In Marvel's Alien comics line, Aliens: What If... was preceded by Alien: Descendant, published concurrently with Alien: Black, White & Blood, and followed by Alien: Romulus.

Publisher's summary[]

#1: WHAT IF…CARTER BURKE HAD LIVED? For years, fans of James Cameron’s legendary Aliens questioned whether Carter Burke, a company man more hateable than the Xenos themselves, had actually survived the traumatic events on the terraforming colony Hadley’s Hope. Now the actor behind the beloved villain, Paul Reiser, joins his son Leon and the star-studded team of writers and producers Adam F. Goldberg, Brian Volk-Weiss and Hans Rodionoff for a journey back to Hadley’s Hope and the twisted escape of a man who should have died.

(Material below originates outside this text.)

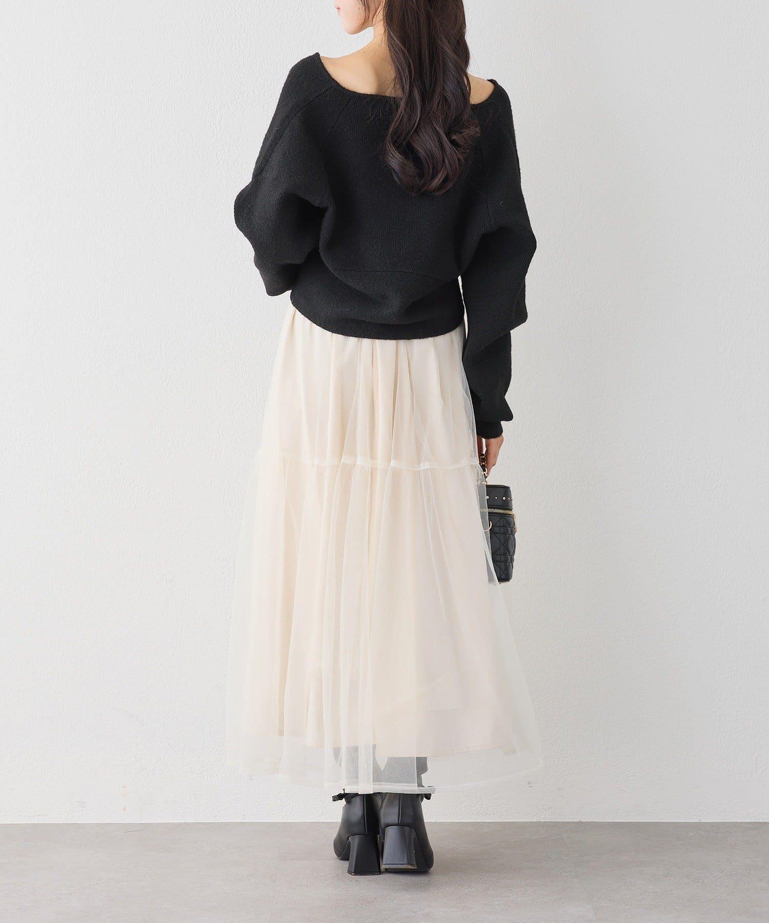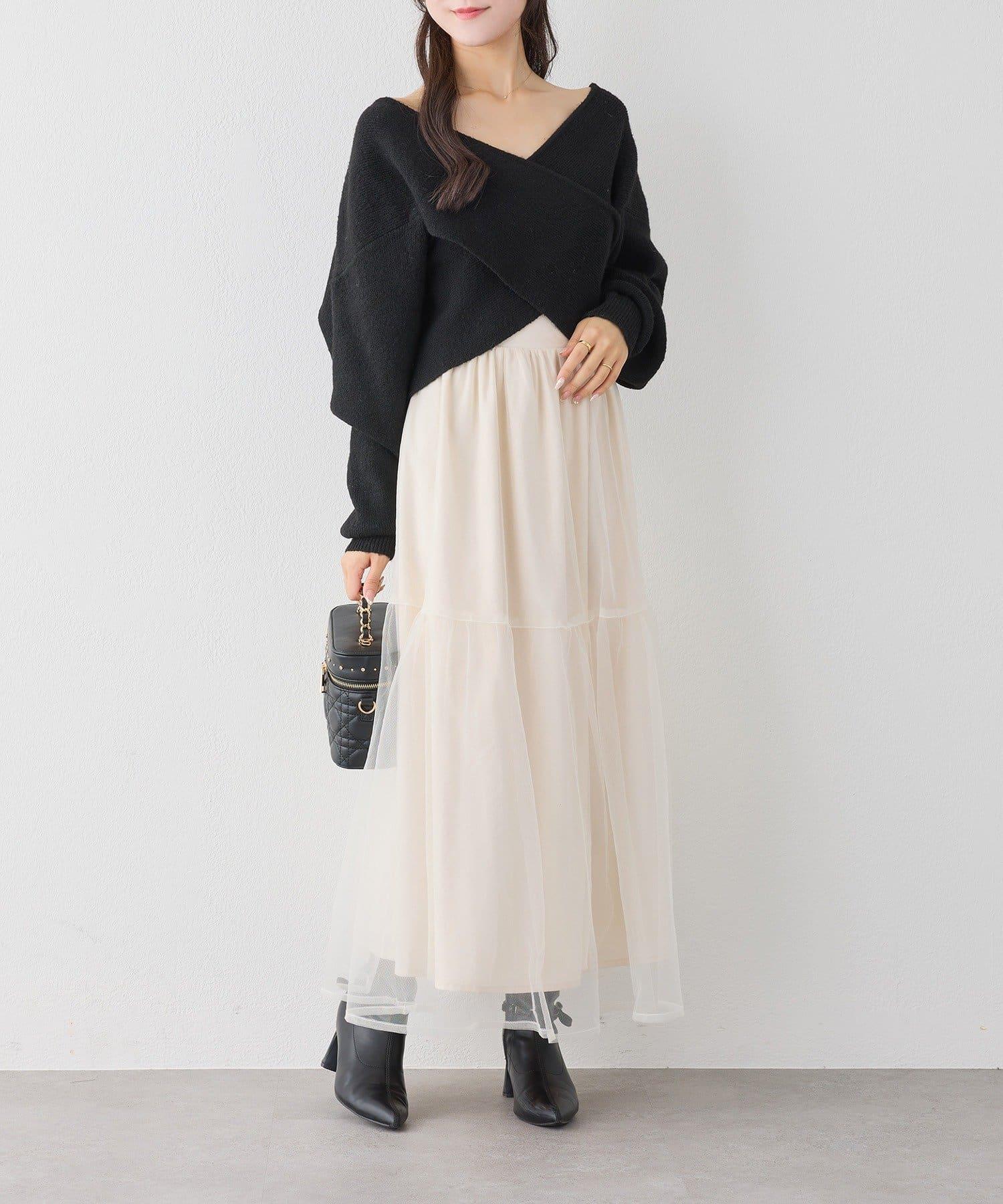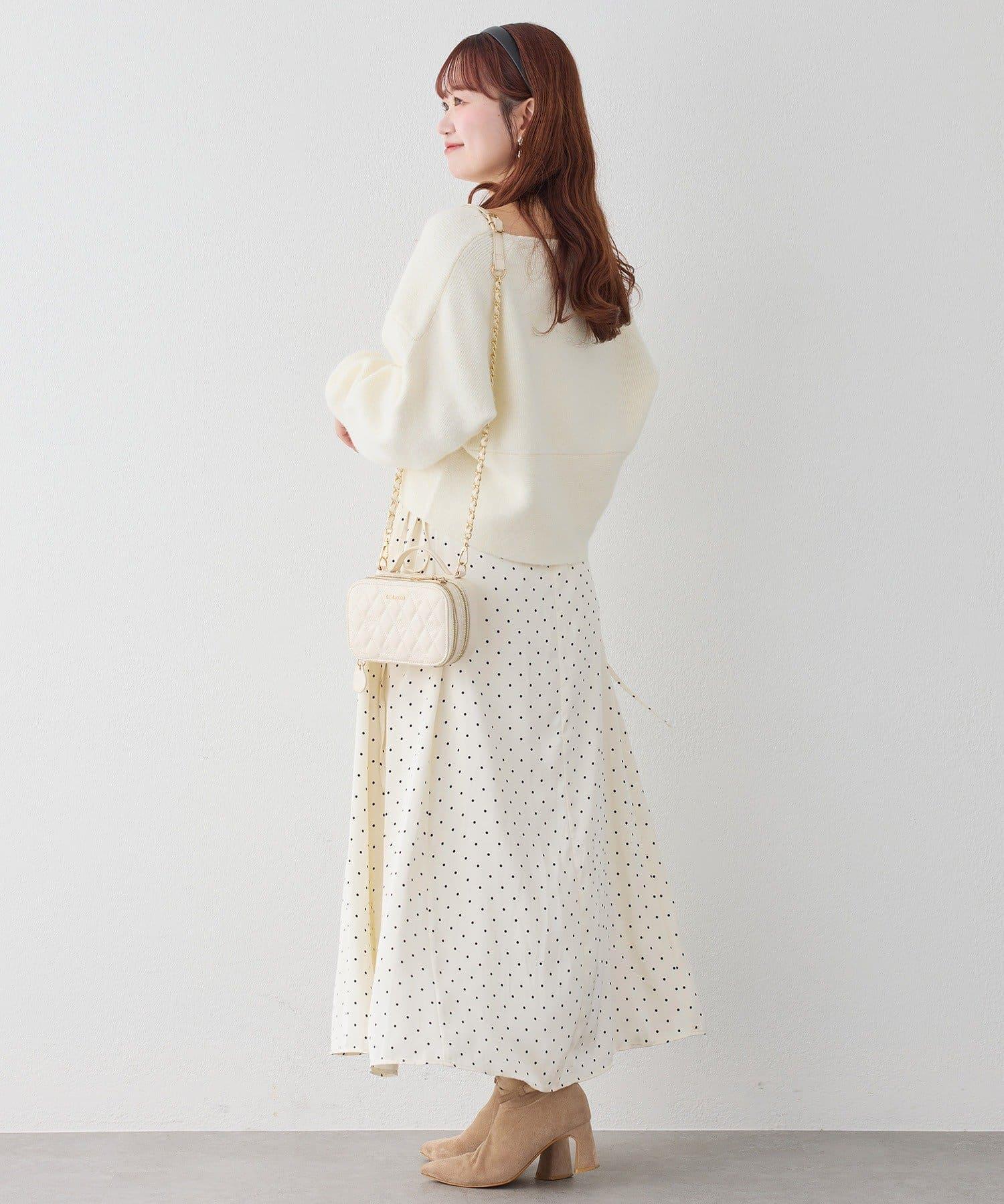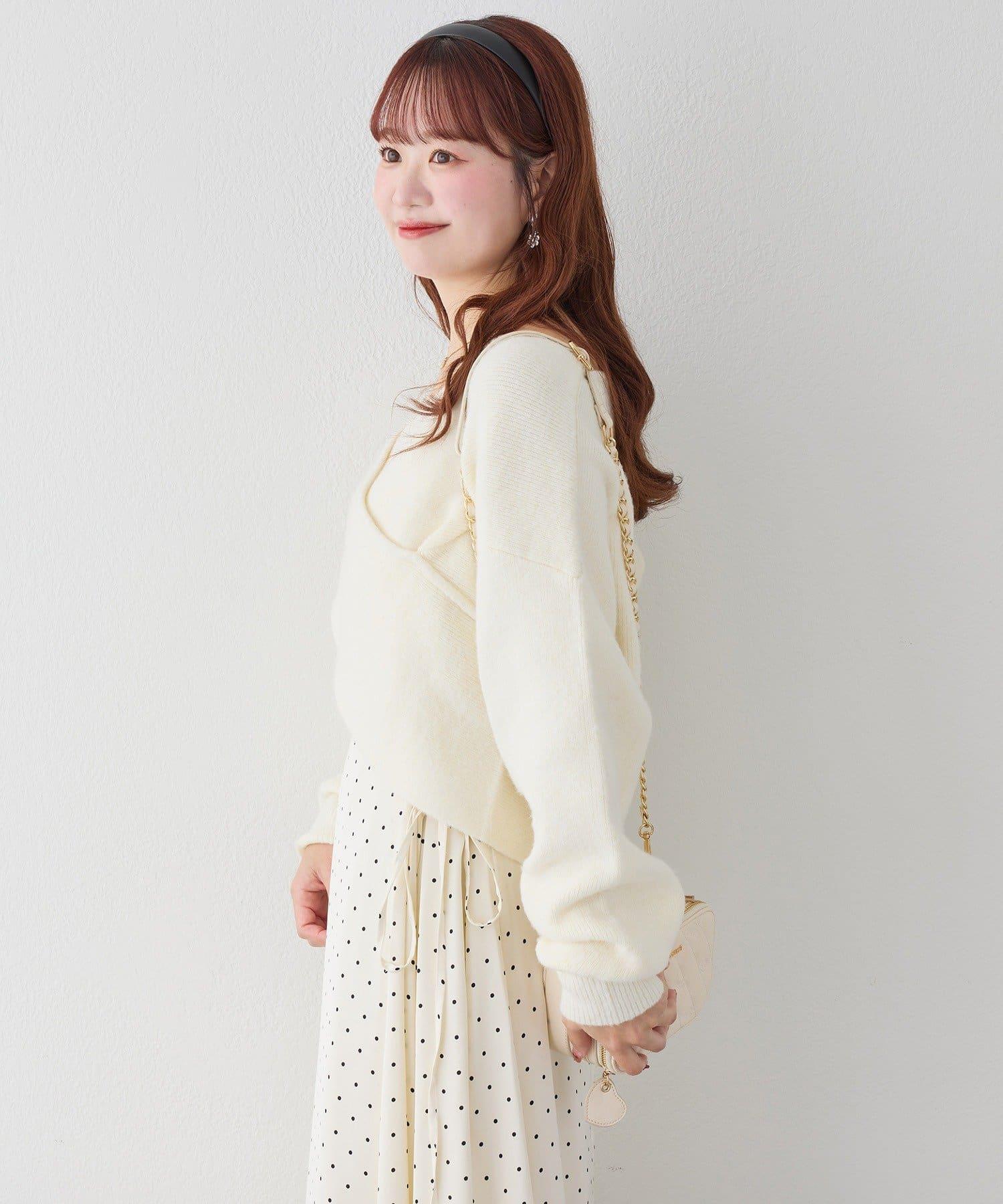針織衫採用適度合身的十字設計,給人以女性化的印象、

#2: WHAT IF…CARTER BURKE HAD LIVED? Thirty-five years after the disaster on Hadleys Hope, company man Carter Burke is eeking out a cursed existence on a backwater asteroid. With his once-promising career in the toilet, Burke’s only remaining purpose in life is to care for his daughter, Brie. She hates him, probably for being a horrible person. And when she finds out what he’s up to now? It’s not going to be a friendly reunion. Has Burke learned his lesson, or is he about to get all of his companions killed again?

#3: WHAT IF…CARTER BURKE HAD LIVED? The facehuggers hit the fan as Burke's plan goes horribly awry! Desperate to capture the life-saving adaptative qualities of Xenomorph DNA – without Weyland-Yutani's knowledge – Burke and his only friend, a damaged combat synth named Cygnus, have brought Burke's own worst nightmare right into his living room. The trap is set – now they need a victim to snap it. What the hell is Burke doing, and how does his daughter, Brie, fit into all this?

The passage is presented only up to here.